Bahá’ís are not allowed to study in Iran, so when I was 19, my brother and I left to study in India. Soon afterwards, the revolution took place in Iran, which meant that it became hard for people to travel in and out of the country. My father was so worried about being separated from us that he left everything behind and brought the rest of the family to live in India too.

One day, soon after we arrived, I saw a boy passing my uncle’s house and I asked my cousin who he was, because he was so good-looking. Later, we went to visit the family. The boy was so shy that at first he didn’t look at me, but when he finally did, our love story began.
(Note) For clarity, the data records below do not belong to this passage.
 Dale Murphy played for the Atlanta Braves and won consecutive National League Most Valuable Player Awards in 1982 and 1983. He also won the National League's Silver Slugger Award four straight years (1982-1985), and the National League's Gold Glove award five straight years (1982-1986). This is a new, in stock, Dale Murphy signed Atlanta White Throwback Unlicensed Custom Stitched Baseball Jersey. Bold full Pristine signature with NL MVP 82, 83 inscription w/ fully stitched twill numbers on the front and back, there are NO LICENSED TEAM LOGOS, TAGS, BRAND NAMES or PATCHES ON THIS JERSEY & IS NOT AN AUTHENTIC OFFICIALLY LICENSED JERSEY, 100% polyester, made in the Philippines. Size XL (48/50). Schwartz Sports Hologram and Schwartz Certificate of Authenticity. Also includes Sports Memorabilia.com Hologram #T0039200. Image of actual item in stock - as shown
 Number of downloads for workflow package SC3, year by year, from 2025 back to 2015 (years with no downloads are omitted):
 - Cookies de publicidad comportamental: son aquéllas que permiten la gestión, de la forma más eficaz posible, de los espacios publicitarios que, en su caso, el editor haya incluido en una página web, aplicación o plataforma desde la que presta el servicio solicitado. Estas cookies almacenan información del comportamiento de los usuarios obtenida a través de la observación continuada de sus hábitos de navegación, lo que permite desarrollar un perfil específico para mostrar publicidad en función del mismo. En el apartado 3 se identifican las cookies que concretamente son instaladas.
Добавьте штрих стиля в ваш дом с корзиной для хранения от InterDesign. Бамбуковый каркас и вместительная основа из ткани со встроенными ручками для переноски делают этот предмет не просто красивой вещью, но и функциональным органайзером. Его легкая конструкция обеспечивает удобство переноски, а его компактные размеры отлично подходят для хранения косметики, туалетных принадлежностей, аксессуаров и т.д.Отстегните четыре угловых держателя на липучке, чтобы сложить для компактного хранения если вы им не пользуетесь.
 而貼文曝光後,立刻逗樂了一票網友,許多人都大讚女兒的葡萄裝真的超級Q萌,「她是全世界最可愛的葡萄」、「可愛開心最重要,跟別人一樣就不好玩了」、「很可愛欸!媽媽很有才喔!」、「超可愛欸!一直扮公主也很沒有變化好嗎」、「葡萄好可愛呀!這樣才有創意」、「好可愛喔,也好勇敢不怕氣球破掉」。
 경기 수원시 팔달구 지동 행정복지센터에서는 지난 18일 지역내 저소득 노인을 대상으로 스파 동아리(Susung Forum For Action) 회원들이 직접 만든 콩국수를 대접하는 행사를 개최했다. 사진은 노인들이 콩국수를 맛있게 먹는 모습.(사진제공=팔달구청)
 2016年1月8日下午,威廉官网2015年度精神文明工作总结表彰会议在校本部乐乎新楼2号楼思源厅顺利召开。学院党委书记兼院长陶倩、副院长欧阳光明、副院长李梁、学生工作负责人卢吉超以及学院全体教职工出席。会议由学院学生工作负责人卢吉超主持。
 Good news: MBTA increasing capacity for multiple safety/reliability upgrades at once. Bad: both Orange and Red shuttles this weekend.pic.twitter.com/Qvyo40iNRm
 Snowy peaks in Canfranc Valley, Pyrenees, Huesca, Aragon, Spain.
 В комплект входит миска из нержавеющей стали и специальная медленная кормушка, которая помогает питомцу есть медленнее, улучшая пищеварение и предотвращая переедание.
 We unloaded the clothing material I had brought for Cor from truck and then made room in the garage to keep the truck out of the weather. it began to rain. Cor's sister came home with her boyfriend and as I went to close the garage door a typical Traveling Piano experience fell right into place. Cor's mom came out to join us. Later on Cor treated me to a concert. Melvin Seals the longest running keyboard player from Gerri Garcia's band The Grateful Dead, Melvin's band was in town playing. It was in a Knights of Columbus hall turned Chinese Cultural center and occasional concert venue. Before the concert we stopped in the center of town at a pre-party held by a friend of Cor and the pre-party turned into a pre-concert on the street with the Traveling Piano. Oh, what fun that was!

After that, he used to come to my parents’ house to play chess with my brother, but I knew that was just his excuse to visit me. We never talked but everyone knew we were in love, and within a month, we were engaged, and then married.

My husband and I stayed in India for six years. When I look back, I love the things that I learned and experienced there. You see poverty, and because you can’t have everything that you ask for, you enjoy life more and you’re happy for what you have. It’s something that you cannot experience here in Australia because anything you want, you can get, which takes away the joy of having it.

Because we could never get citizenship in India and we couldn’t go back to Iran, the UN allowed us to come to Australia. We went first to Tasmania, as the rest of my family had already settled there. We were happy there, but it was too cold, so we eventually moved to Geelong, where my husband got his Masters. Later, we moved again, to Townsville, so that he could get his PhD in Education. We lived there for 15 years.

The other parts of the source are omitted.